Sex Positivity: The Ultimate Taboo

My generation (and the generation before) have long proclaimed ‘sexual revolutions,’ but to be honest, it all feels a little premature. Before we engage in our own disingenuous version, we need to have difficult  — but genuine — conversations about being sex-positive.

To be broad and general, sex-positivity describes sex which is healthy, free of judgment, and consensual. As a philosophy, we can frame many of the ethical questions in our lives around it. For a firmer grasp, let’s discuss what sex-positivity isn’t.

It doesn’t mean you need to have a lot of sex. Likewise, it means it’s okay to say no to sex — without judgment or pressure.

You don’t have to be pro-pornography, or even pro-sex work. Whether you like or dislike these things, you’re not judging whether the workers or the work is right or wrong. Sex-positivity encourages non-judgmental discourse about these topics, and may even help you unbox your own feelings on them.

It doesn’t affirm every sexual act. Children, people who are intoxicated, and animals cannot consent.

Finally, sex-positivity isn’t just for women.
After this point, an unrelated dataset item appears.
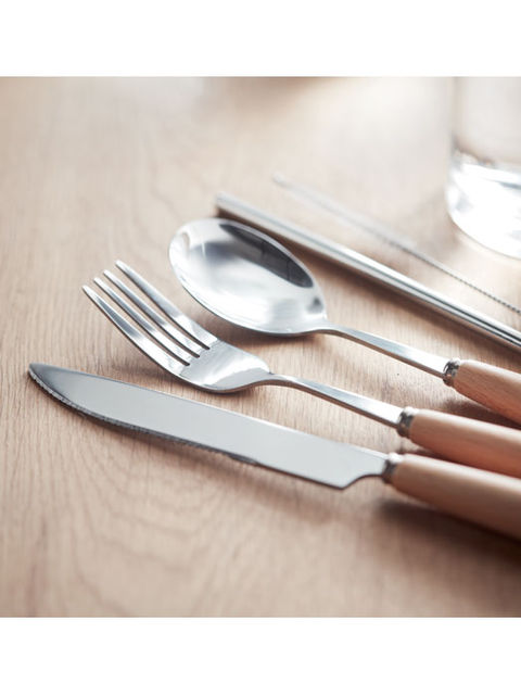 Többször felhasználható, rozsdamentes acélból készült, bükkfa nyelű evőeszközből álló készlet vászon tokban. Kést, villát, kanalat, rozsdamentes acél szívószálat és tisztítókefét tartalmaz.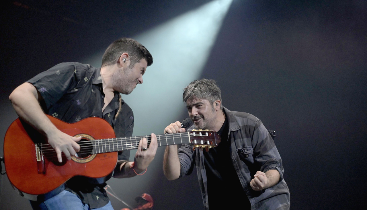El concierto de Estopa podría definirse con dos palabras: simple y efectivo. A David y José no les hace falta más que una guitarra para conectar con el público. Lejos de recursos estéticos, grandes producciones o propuestas arriesgadas, sus letras y su simpatía son sus mejores aliadas. Aun así, un escenario que simulaba un gran andamio de obra y una hormigonera con el rótulo ‘Hermanos Muñoz’ que se encargó de derribarlo fueron el punto de partida de una noche en la que el Coliseum se venía abajo cada vez que sonaban los primeros acordes de una nueva canción.

It can, and should(!), be applied to people of all genders and orientations.

America is an overwhelmingly sex-negative place. Perhaps because of our Puritan roots or our free-market values, sex is completely commodified. Coercion, subversion, and violence within our own relationships is disconcertingly commonplace.
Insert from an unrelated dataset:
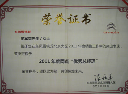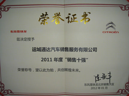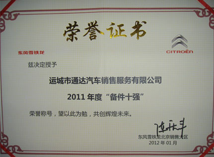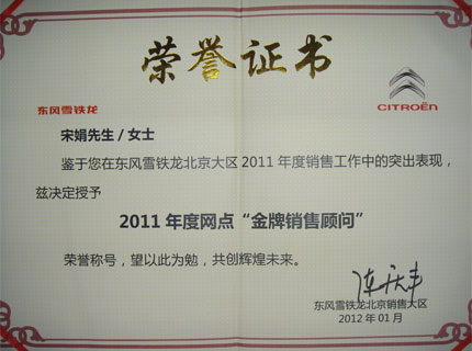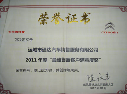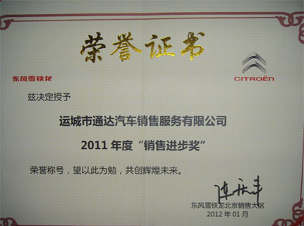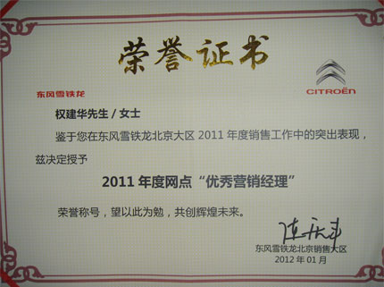 1月9日—11日,集团汽贸执行总经理王红斌、雪铁龙4S店经理范军杰在厦门参加了由东风雪铁龙公司举办的“2011年度东风雪铁龙北京大区总结表彰大会”,会上,厂方领导对我公司雪铁龙店2011年销售业绩增长47.86%,勇夺山西区域进货、销售双冠王表示祝贺,并授予我集团雪铁龙店2011年度“销售十强”、“备件十强”、“销售进步奖”、“最佳售后客户满意度奖”、“优秀总经理”、“优秀营销经理”、“金牌销售顾问”等荣誉。

This, in a single thought, is the essence of sex-negativity.

As a direct result of sex-negative attitudes, a common perception is that sexual violence is far removed from the United States. Sure, there’s a foreign sex trade dealing in little girls and young women abroad. Further, it’s outside our borders that we’ll acknowledge rape as a tactic of war. Even sex tourism is okay if we’re doing it elsewhere. But are we courting cognitive dissonance with puritanical, sex-negative social heirlooms in regard to our own relationships and ways of thinking?

These attitudes serve one purpose:

to make consumption of the traditionally unpalatable more digestible for people who have been raised within a culture of guilt and shame. For this reason, it’s revolutionary to live shamelessly and without fear, which makes sex-positivity more necessary than ever.

Sex-positivity encompasses body- and gender-positivity. Indeed, those who do not identify with a gender, or who are transgender, are among those who experience the most discrimination and violence. In housing, in work, in their families and personal lives, sex-negativity has taken over.

Violence is highly codified and sanctioned by both governments and corporations against those in the trans community, and there seems to be no relief in sight. Indeed, movements against trans-people seem to be picking up steam — not disappearing.

As long as these ideas exist in a vacuum, far removed from public consciousness, the ‘sexual revolution’ will never happen. Not here, not abroad, not anywhere. Confronting sex violence means confronting yourself. You.

For that reason, it may be the ultimate taboo.